• Task input:
= = = =

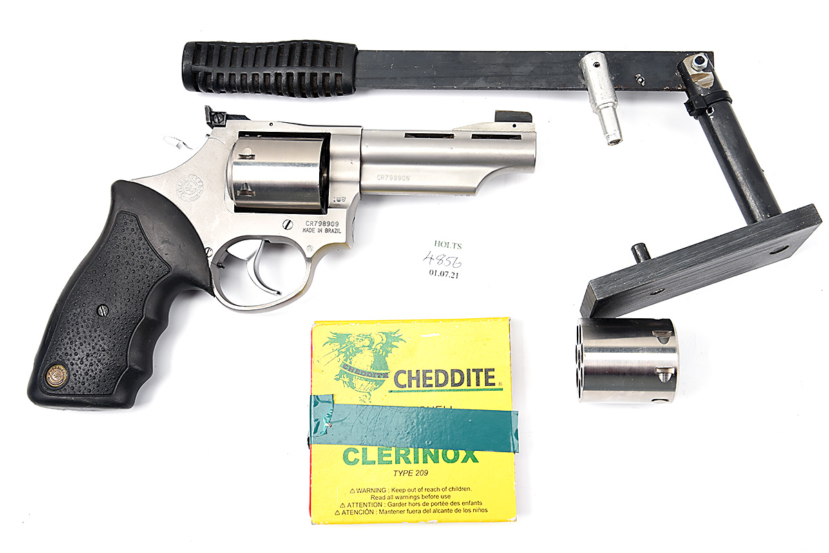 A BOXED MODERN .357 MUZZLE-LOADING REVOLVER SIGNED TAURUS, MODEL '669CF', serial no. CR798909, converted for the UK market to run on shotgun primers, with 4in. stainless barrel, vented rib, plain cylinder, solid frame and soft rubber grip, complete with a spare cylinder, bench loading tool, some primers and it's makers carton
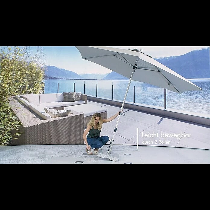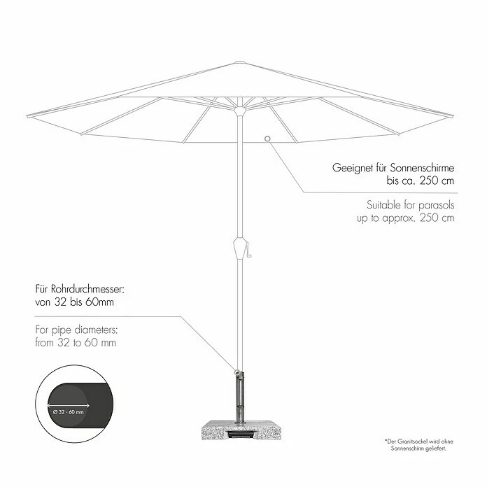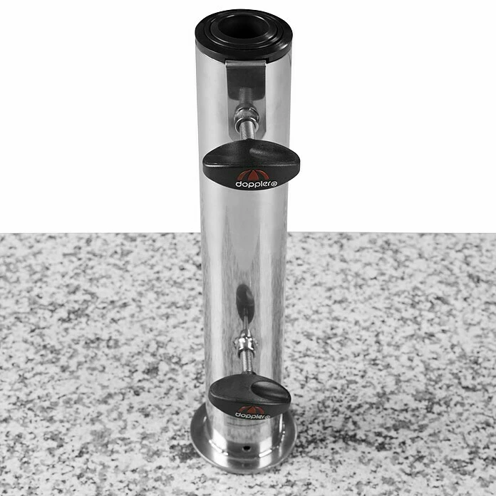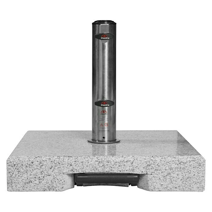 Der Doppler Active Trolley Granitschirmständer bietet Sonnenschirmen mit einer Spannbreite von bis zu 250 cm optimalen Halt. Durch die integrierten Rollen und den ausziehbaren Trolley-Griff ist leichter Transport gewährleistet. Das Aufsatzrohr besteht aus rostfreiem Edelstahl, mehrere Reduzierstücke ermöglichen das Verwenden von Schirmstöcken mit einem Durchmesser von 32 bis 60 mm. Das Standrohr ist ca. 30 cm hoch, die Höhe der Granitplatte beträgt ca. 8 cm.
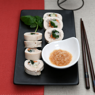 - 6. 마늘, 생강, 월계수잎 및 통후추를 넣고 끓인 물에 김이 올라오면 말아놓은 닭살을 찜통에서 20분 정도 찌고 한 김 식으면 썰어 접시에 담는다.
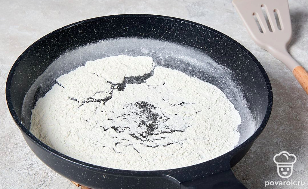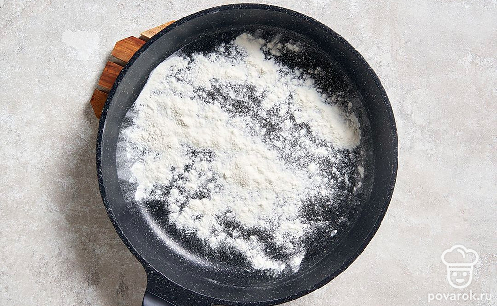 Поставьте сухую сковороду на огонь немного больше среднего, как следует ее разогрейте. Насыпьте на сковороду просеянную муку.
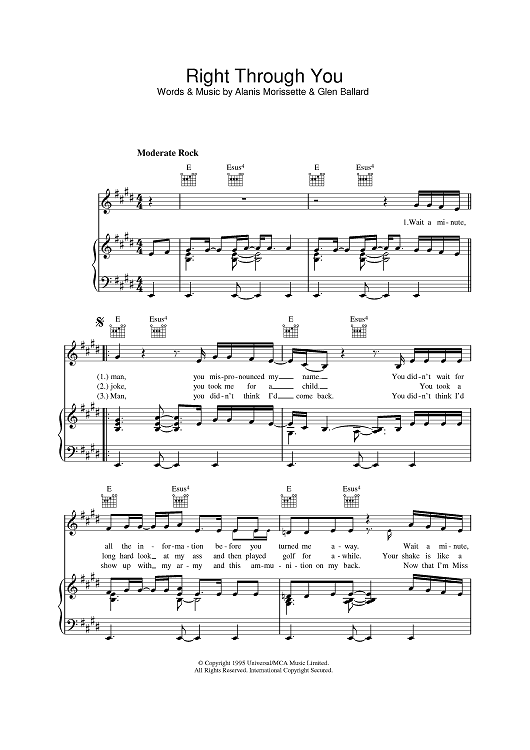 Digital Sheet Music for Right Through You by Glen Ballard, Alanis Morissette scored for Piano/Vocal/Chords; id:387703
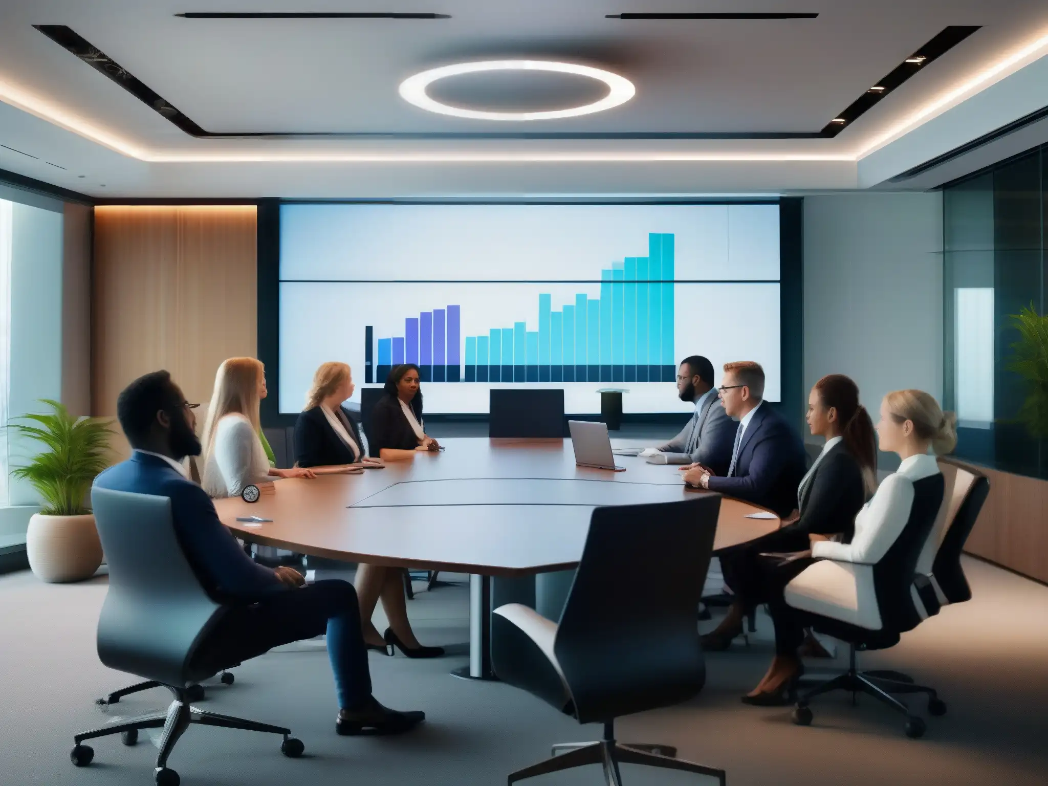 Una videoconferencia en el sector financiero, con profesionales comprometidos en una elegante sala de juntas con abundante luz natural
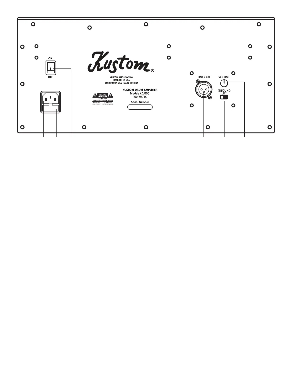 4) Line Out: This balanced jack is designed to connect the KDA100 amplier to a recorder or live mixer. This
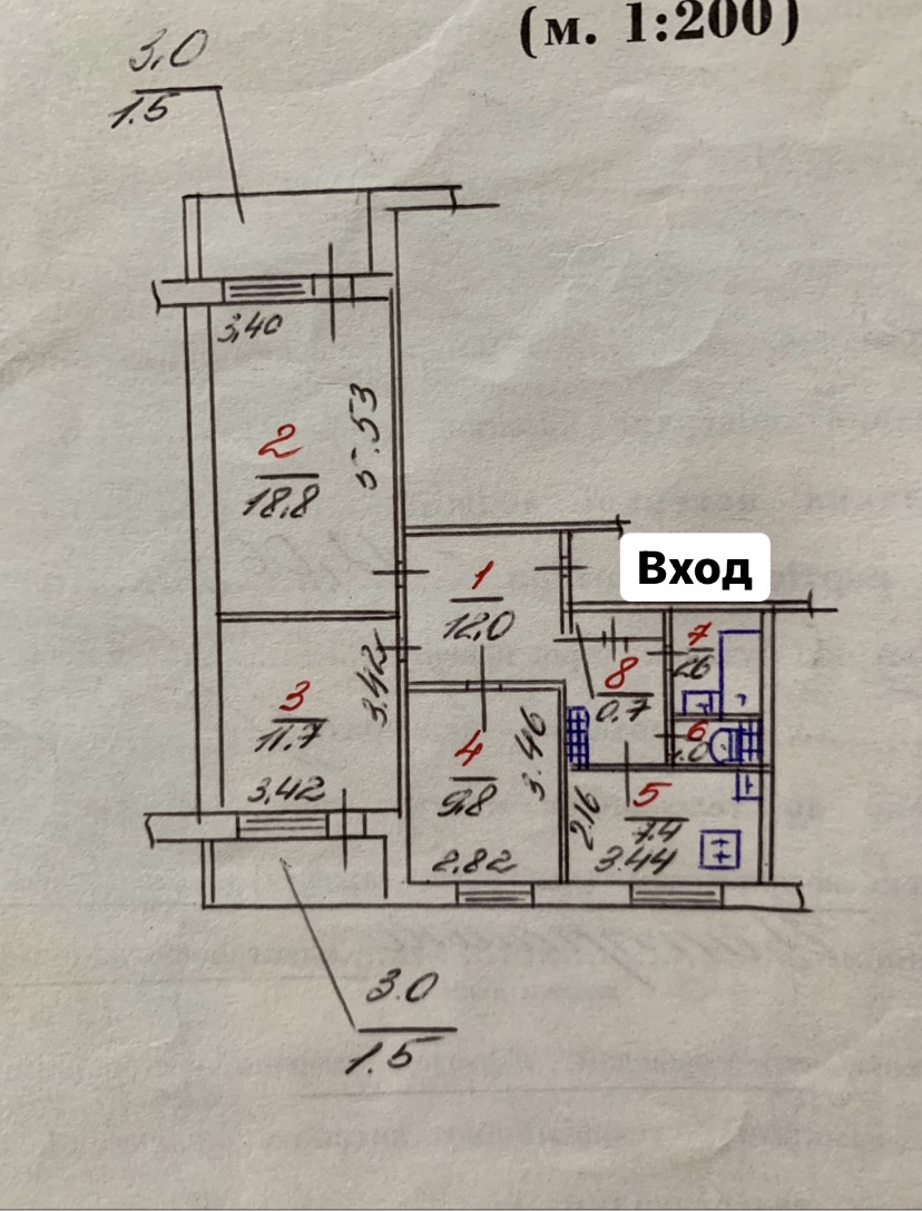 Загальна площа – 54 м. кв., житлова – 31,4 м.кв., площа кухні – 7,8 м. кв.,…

= = = =

• Activity:
No picture belongs in the answer, but every word of the records above does, exactly as given.

• Your response:
 A BOXED MODERN .357 MUZZLE-LOADING REVOLVER SIGNED TAURUS, MODEL '669CF', serial no. CR798909, converted for the UK market to run on shotgun primers, with 4in. stainless barrel, vented rib, plain cylinder, solid frame and soft rubber grip, complete with a spare cylinder, bench loading tool, some primers and it's makers carton
 Der Doppler Active Trolley Granitschirmständer bietet Sonnenschirmen mit einer Spannbreite von bis zu 250 cm optimalen Halt. Durch die integrierten Rollen und den ausziehbaren Trolley-Griff ist leichter Transport gewährleistet. Das Aufsatzrohr besteht aus rostfreiem Edelstahl, mehrere Reduzierstücke ermöglichen das Verwenden von Schirmstöcken mit einem Durchmesser von 32 bis 60 mm. Das Standrohr ist ca. 30 cm hoch, die Höhe der Granitplatte beträgt ca. 8 cm.
 - 6. 마늘, 생강, 월계수잎 및 통후추를 넣고 끓인 물에 김이 올라오면 말아놓은 닭살을 찜통에서 20분 정도 찌고 한 김 식으면 썰어 접시에 담는다.
 Поставьте сухую сковороду на огонь немного больше среднего, как следует ее разогрейте. Насыпьте на сковороду просеянную муку.
 Digital Sheet Music for Right Through You by Glen Ballard, Alanis Morissette scored for Piano/Vocal/Chords; id:387703
 Una videoconferencia en el sector financiero, con profesionales comprometidos en una elegante sala de juntas con abundante luz natural
 4) Line Out: This balanced jack is designed to connect the KDA100 amplier to a recorder or live mixer. This
 Загальна площа – 54 м. кв., житлова – 31,4 м.кв., площа кухні – 7,8 м. кв.,…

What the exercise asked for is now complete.